Sepsis and non-septic systemic inflammatory response syndrome (SIRS) are the same syndromes, differing by their cause, sepsis being secondary to microbial infection. Microbiological tests are not enough to detect infection early. While more than 50 biomarkers have been proposed to detect infection, none have been repeatedly validated.

Aim

To assess the accuracy of circulating biomarkers to discriminate between sepsis and non-septic SIRS.

Methods

The CAPTAIN study was a prospective observational multicenter cohort of 279 ICU patients with hypo- or hyperthermia and criteria of SIRS, included at the time the attending physician considered antimicrobial therapy.

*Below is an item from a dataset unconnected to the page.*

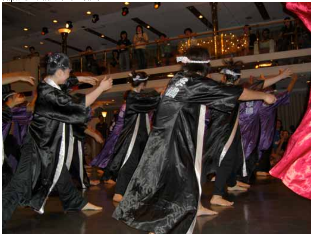
En annan japansk traditionell dans- mycket ansträngande

Investigators collected blood at inclusion to measure 29 plasma compounds and ten whole blood RNAs, and—for those patients included within working hours—14 leukocyte surface markers. Patients were classified as having sepsis or non-septic SIRS blindly to the biomarkers results. We used the LASSO method as the technique of multivariate analysis, because of the large number of biomarkers.

Results

During the study period, 363 patients with SIRS were screened, 84 having exclusion criteria. Ninety-one patients were classified as having non-septic SIRS and 188 as having sepsis. Eight biomarkers had an area under the receiver operating curve (ROC-AUC) over 0.6 with a 95% confidence interval over 0.5. LASSO regression identified CRP and HLA-DRA mRNA as being repeatedly associated with sepsis, and no model performed better than CRP alone (ROC-AUC 0.76 [0.68–0.84]).

Conclusions

The circulating biomarkers tested were found to discriminate poorly between sepsis and non-septic SIRS, and no combination performed better than CRP alone.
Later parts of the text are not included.